Eine Besonderheit gilt für die Ordnungswidrigkeiten nach § 24a Abs. 1 StVG (0,5-Promille-Grenze). Für diese ist die Regelung des OWiG anwendbar. Da für diese Verstöße die Verhängung einer Geldbuße bis zu 1.500 EUR möglich ist, beträgt die Verjährungsfrist nach § 31 Abs. 2 Nr. 3 OWiG ein Jahr. Entsprechendes gilt für das Fahren von Kraftfahrzeugen unter bestimmten Drogen (§ 24a Abs. 2 StVG).
2. Unterbrechung
Die Unterbrechung der Verjährung durch Erlass eines Bußgeldbescheides ist in § 33 Abs. 1 Satz 1 Nr. 9 OWiG geregelt. Danach wird die Verjährung durch den Erlass eines Bußgeldbescheides unterbrochen, wenn dieser binnen zwei Wochen zugestellt wird. Wird der Bußgeldbescheid nicht binnen zwei Wochen nach seinem Erlass zugestellt worden, wird die Verjährung nicht bereits durch den Erlass des Bußgeldbescheides unterbrochen, sondern erst durch dessen (spätere) Zustellung.

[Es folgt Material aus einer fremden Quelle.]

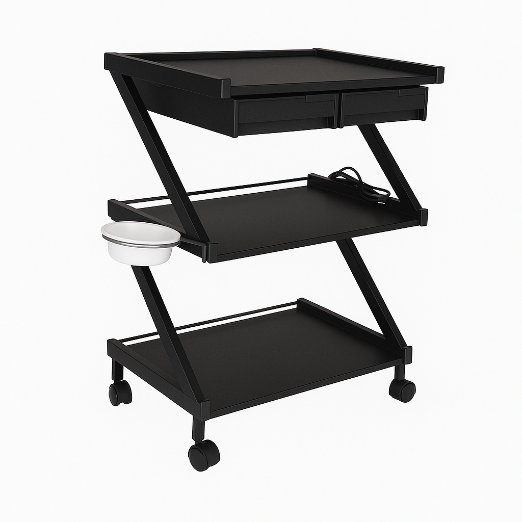עגלת הטיפולים Z עם 3 מדפים ו-2 מגירות פלסטיק היא פתרון יעיל ופרקטי למקצועניות בתחום הקוסמטיקה שמחפשות ארגון מרוכז ונוחות במהלך העבודה. בעזרת עגלת הטיפולים הזו, ניתן לשמור על סדר וארגון בכל רגע נתון ולשמור על ניקיון ויעילות במהלך העבודה.

Bei mehreren Taten werden von Unterbrechungswirkung alle Taten erfasst, sofern nicht der Verfolgungswille der Behörde erkennbar nur auf eine oder mehrere Taten beschränkt ist (BGH NJW 2000, 2829). Entscheidend ist neben dem Wortlaut auch der Sach- und Verfahrenszusammenhang, wobei der Akteninhalt herangezogen werden kann (BGH NStZ 2000, 427).

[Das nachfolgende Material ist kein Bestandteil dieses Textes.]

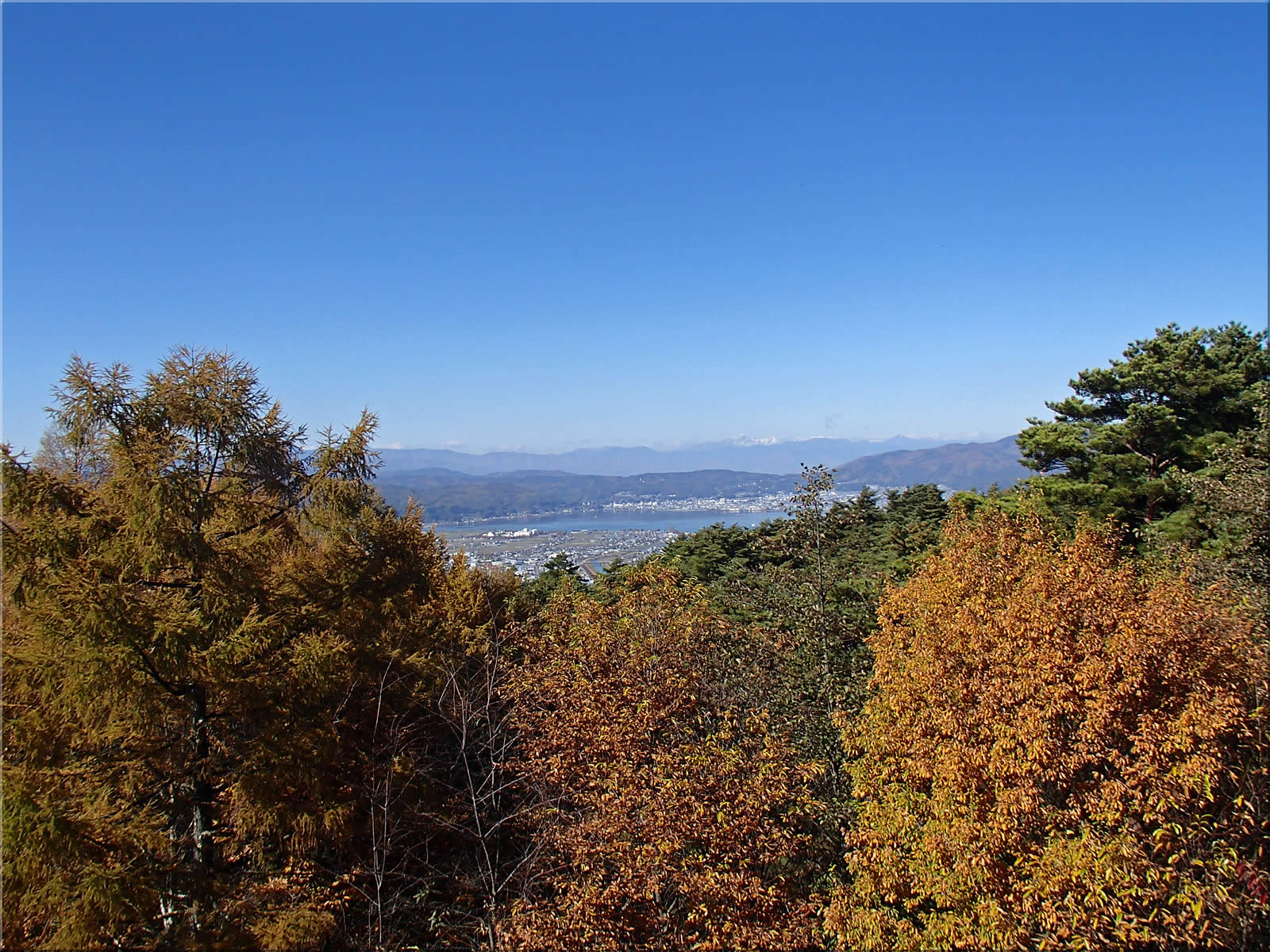 ちょうど正面に守屋山が、そして少し右下に諏訪大社上社が見えています。

Ggf. unterbricht auch die Verfügung der Verwaltungsbehörde, mit der der Ausdruck des Bußgeldbescheides im EDV-Verfahren angeordnet wird, wenn die Verfügung inhaltlich den Anforderungen eines Bußgeldbescheides nach § 66 Abs. 1 OWiG genügt (vgl. nur OLG Zweibrücken NStZ 1987, 30). Andererseits werden an die Verfügung gerade nicht die inhaltlichen Anforderungen wie an einen Bußgeldbescheid gestellt, sondern mit der Verfügung des Sachbearbeiters muss nur der Wille zum Ausdruck kommen, dass der Erlass des Bußgeldbescheides, der im Übrigen durch die EDV technisch hergestellt wird, von der Behörde gewollt ist (OLG Dresden, Beschl. v. 26.3.2015 – OLG 21 Ss 122/15 [B]). Ob das auch für den Fall gilt, dass sich Inhalt der Verfügung und der Inhalt des Bußgeldbescheides bezogen auf die Rechtsfolgen inhaltlich nicht voll decken (so OLG Dresden, a.a.O.; vgl. a. OLG Stuttgart DAR 1998, 29), ist umstritten (a.A. AG Grimma, Urt. v. 23.9.2015 – 9 OWi 153 Js 2088/15). Eine andere Frage ist dann in diesen Fällen die der Wirksamkeit der Zustellung (Burhoff/Burhoff, a.a.O., Rn 734 ff. und Rn 4284 ff.).
Erlass des Bußgeldbescheides
Voraussetzung für den Erlass des Bußgeldbescheids ist u.a., dass die Verwaltungsbehörde eine OWi für erwiesen ansieht. Außerdem dürfen keine Verfolgungshindernisse bestehen und die Behörde muss die Ahndung des dem Betroffenen zur Last gelegten Verhaltens mit einer Geldbuße und ggf. Nebenfolgen für geboten erachten. Hat also die Verwaltungsbehörde Zweifel, ob der Betroffene die ihm zur Last gelegt Tat begangen hat, darf ein Bußgeldbescheid nicht ergehen. Anders als zur Anklageerhebung genügt ein hinreichender Tatverdacht zum Erlass des Bußgeldbescheids nicht (KK-OWiG/Niehaus, 6. Aufl. 2025, § 65 Rn 11 m.w.N.), die Verwaltungsbehörde muss vielmehr von der Schuld des Betroffenen überzeugt sein (OLG Hamm VRS 41, 52; a.A. offenbar Göhler, OWiG, 19. Aufl. 2024, vor § 65 Rn 1 für „Massenverfahren“, wenn aufgrund von schriftlichen Unterlagen entschieden wird).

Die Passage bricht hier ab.